All I know is that when Reuben wasn't under the influence of raging hormones, he appeared happy, energetic, cheeky, relaxed at home and well trained. In comparison now, he is still cheeky and lovely etc but finding it hard to focus on us at all when out, wont play fetch or hide and seek and whines a lot. This then results in his dad getting very cross and frustrated with him, me chasing after him alot and other people being very grumpy with us too. So for now as still in a quandry about a permanent decision to remove his bits and pieces, we have decided to implant again and try and get things back on track (like Sue suggested) and revaluate after that.
Thank you everyone and this really is a topic that crops up all the time isnt it, lol!
Oh and Terry, i have cats and would castrate them everytime. But glad you havent experienced any problems.
My Cash is 2 1/2 now. Neutered at about 8 months old. He can get excited and try to hump my teenage son often, a quick push off and firm no and that ends that. He has never tried to mount another dog. I find this discussion very interesting because we do have 90% neutered males at our dog park daily. We have a few elderly intact males that don't bother a soul but have an entire park following them and sniffing them intently. The whole vibe changes when an intact adult comes in. Not a pup but adult male. Today this lovely German Shorthair, intact, was just frantic going dog to dog, male or female, trying to groom and mount. The dog is just over a year old. I watched him grow up and he was totally into the field and the birds. Now everyday I see him, he is just fixated on finding someone, anyone to hump. He is panting and I wouldn't say he looks to be enjoying himself. Since one after another the dogs force him to stop it.

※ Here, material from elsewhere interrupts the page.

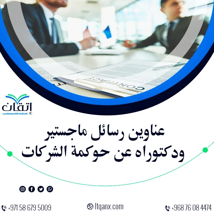 وفي الختام يتضح لنا أن موضوع حوكمة الشركات يمثل دورًا مهمًا للبحث والدراسة في ظل التحديات الاقتصادية والتنظيمية التي تواجه المؤسسات؛ لذا اهتم الباحثين لاختيار موضوعات مبتكرة تعالج الجوانب القانونية والإدارية والمالية لهذا المجال، وقد اهتمت شركة إتقان للاستشارات الأكاديمية والتدريب بتقديم عناوين رسائل ماجستير ودكتوراه حديثة 2025 – 2026 عن حوكمة الشركات لتساعدك على اختيارك لبحثك العلمي، ويمكننا مساعدتك في إعداد رسائلك العلمية بشكل احترافي عن طريق نخبة من الأساتذة، كل ما عليك هو التواصل معنا عبر الواتساب، وسيتم التواصل معكم في أسرع وقت.
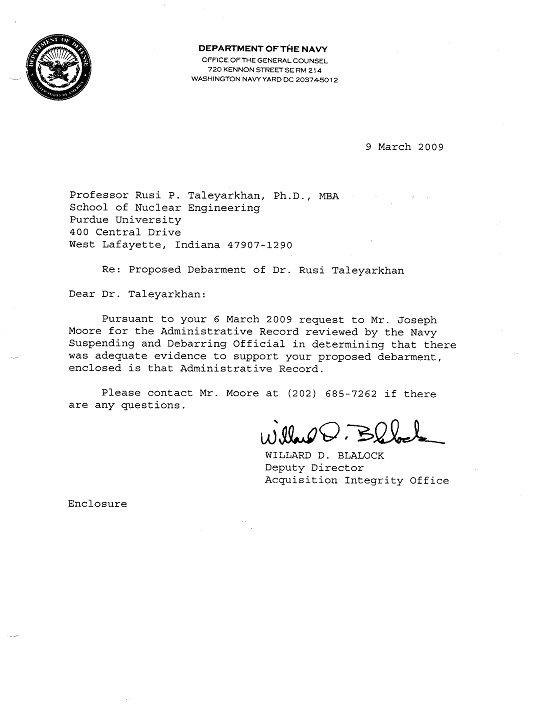 On Feb. 13, 2009, Purdue University professor Rusi Taleyarkhan received a proposed debarment letter from the Navy's Acquisition Integrity Office. Taleyarkhan then provided corrections and his response to the proposal.

So in that regard, I would say this young dog is very hypersexual. And not enjoying himself in the least. But I do see many intact males who are just fine and mannerly. I would say Louise that it is just so individual with each dog. I agree with Sue H. Try another implant for the year and see how things go after that. Given a choice I probably would have left my boy alone. But it was for best for our situation to neuter him. And while his coat isn't as fabulous as one would want, I love him just the same and do the best I can (with Tracy's help) to keep him looking groomed. Like Rueben, Cash is our family pet, and he is such a happy boy. I wouldn't want him to spend his days just looking for a mate. I hope Reuben's hormones settle down with age and that you can look back and be glad you waited another year to see. BUT, the big but, it's so true that if your trying to neuter for aggression issues, waiting will only reinforce it and not give you the results you want. Leash aggression can be more common, it's an unnatural way for dogs to meet. I see that all the time. They are sort of trapped so they have to bark out and take on a different approach as another dog moves towards them.

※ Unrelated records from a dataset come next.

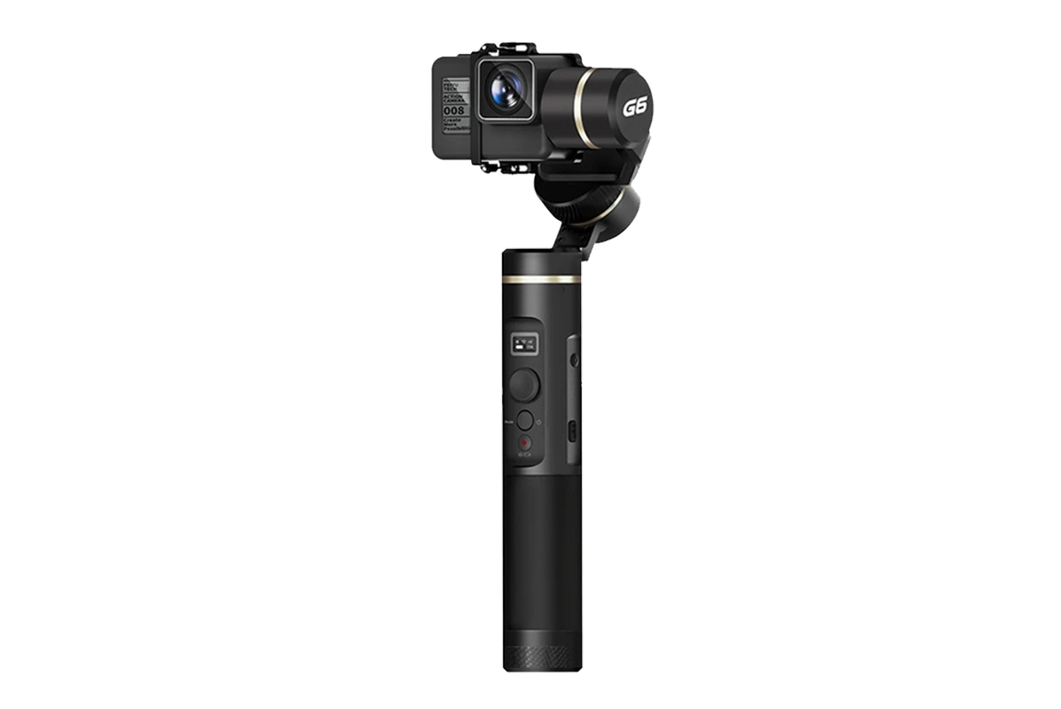 * G6 je kompatibilní s kamerami GoPro HERO7/HERO6/HERO5, YI 4K kamerou a dalšími akčními kamerami s podobným tvarem nebo rozměry. S vyměnitelným držákem je gimbal G6 kompatibilní i s kamerami RX0.
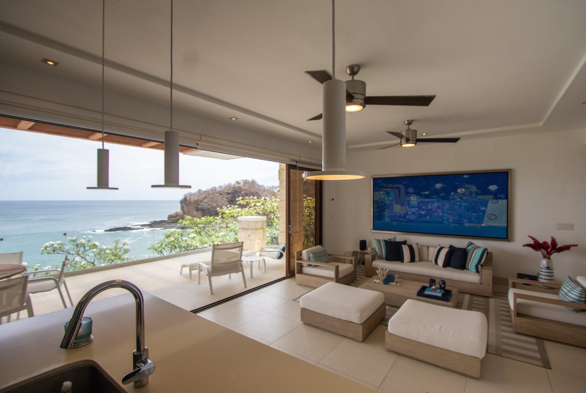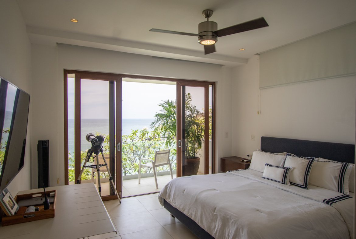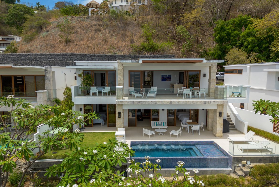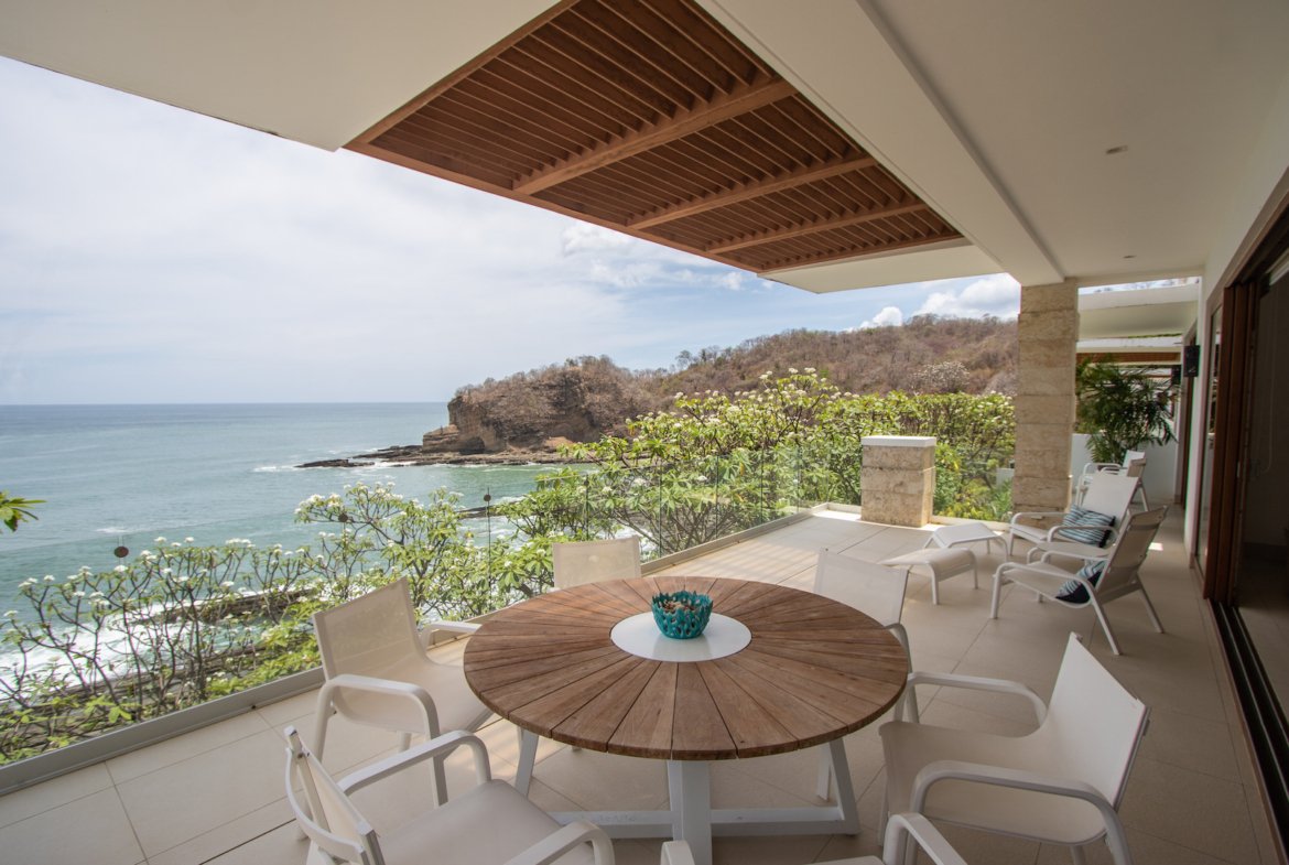 Experience the ultimate in coastal living at Casa Bahía 5, an exquisite oceanfront estate within the prestigious gated community of La Joya in Pacific Marlin. Located only minutes from San Juan del Sur, this two-story luxury residence boasts panoramic 180-degree views of the Pacific Ocean and seamlessly blends indoor and outdoor living with modern sophistication.
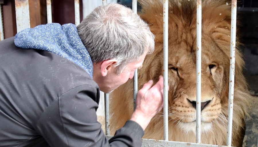 В сопровождении гостя хозяин шагает по хлопотному хозяйству. В просторном, хотя и старом, но добротном кирпичном здании №101 по улице Калинина, в котором лет двадцать назад размещался продуктовый магазин, со знанием дела обустроены места обитания для двух бурых медведей, грозного вида льва и молчаливо-скромной енотовидной собаки, весьма нехуденькой от щедрых хозяйских харчей.
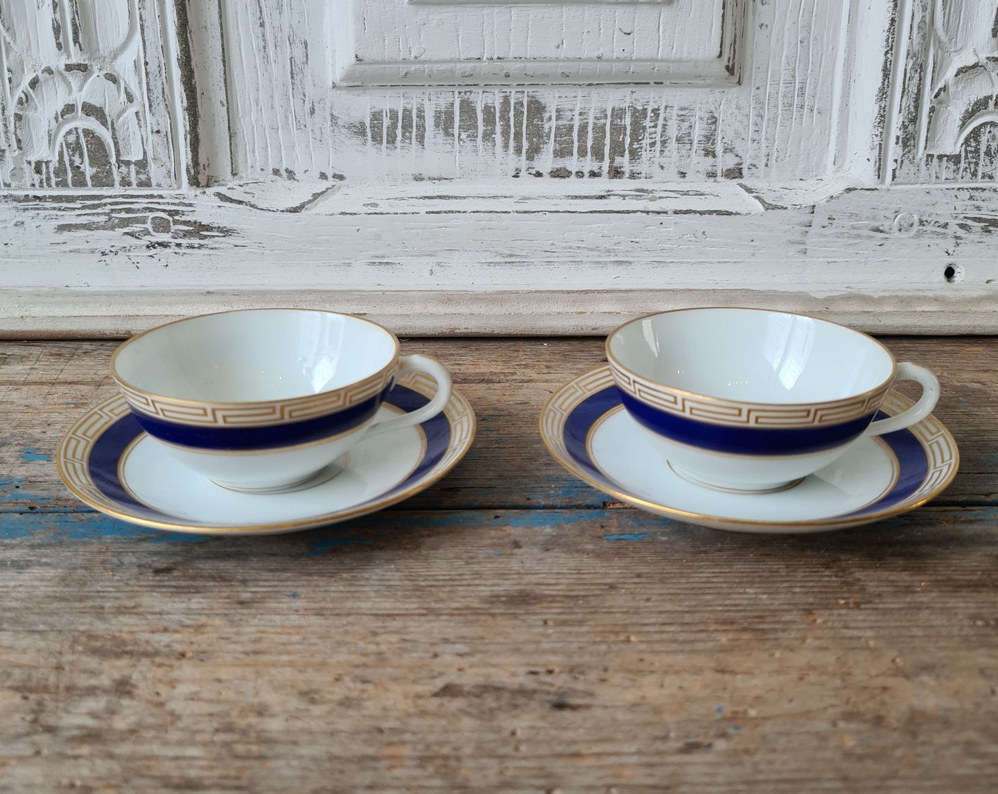 Set på 5 B&G små kaffekopper dekoreret med kongeblå fane, græsk evighedsmønster og våbenskjold i guld
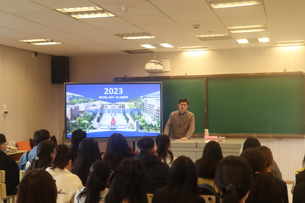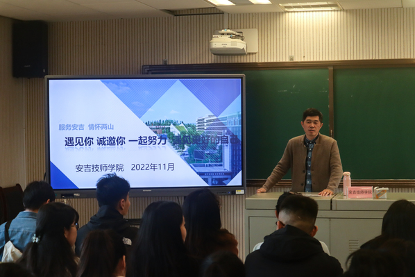 招聘会初始,安吉技师学院组宣人事科科长杜军对该校的校园概况、办学理念、招聘岗位、福利待遇、人才政策等内容进行宣讲,并欢迎各位同学来安吉技师学院开拓“新天地”,成为更好的自己。
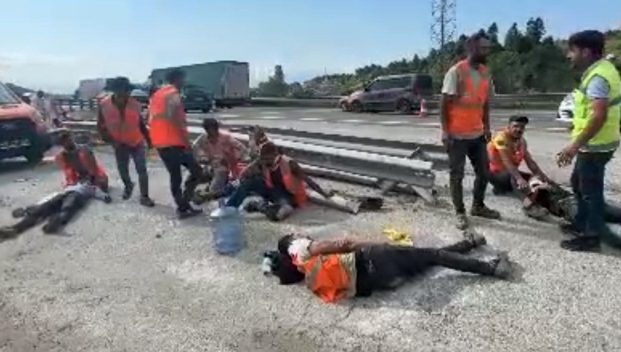 Kazada hafif formda yaralanan bir Karayolları işçisinin de, arabadaki yaralı çocuğu kucağına alarak, ambulansa taşıdığı görüldü.
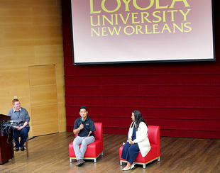 Presley told conference attendees assembled inside Loyola’s Nunemaker Auditorium that he had been adopted from South Korea as a 13-month-old and raised in Oklahoma in a happy family of 12 children.
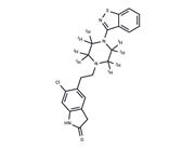In vivo | Ziprasidone blocked wild-type hERG currents in a voltage- and concentration-dependent manner in stably transfected HEK-293 cells with an IC(50) of 120 nM.Ziprasidone exhibited minimal hERG Ziprasidone significantly increased the time constant of the slow response to hERG current deactivation (-50 mV). ziprasidone is a 5-HT(1A) receptor agonist, as well as a 5-HT(2A), 5-HT(2C) and 5-HT(1B/1D) receptor antagonist. Ziprasidone is similar to the antidepressant promethazine in inhibiting the neuronal uptake of 5-HT and norepinephrine.Ziprasidone exhibits high affinity for human 5-HT receptors and human dopamine D(2) receptors. |

I understand that being on a short leash forces dogs to meet head on which is unnatural to them and usually a sign of dominace/threat. If the dogs are off leash they normally approach each other side on as a sign of subordinance, often turning their heads as well before they are sure that it's ok to go for a sniff. I find this quite useful when walking Errol on the leash and tend to actually keep him on a loose leash when approaching other dogs rather than to force him to walk at heel which I feel just hightens the tension. So far we've had no problems and we have a number of "heavy duty" dogs around where we live.
Cara loves clothes, she always has some in her mouth, socks, underware, jeans, sweaters never know what she is going to bring me
Best wishes Reuban and your family. Hopefully life will be more relaxed for all.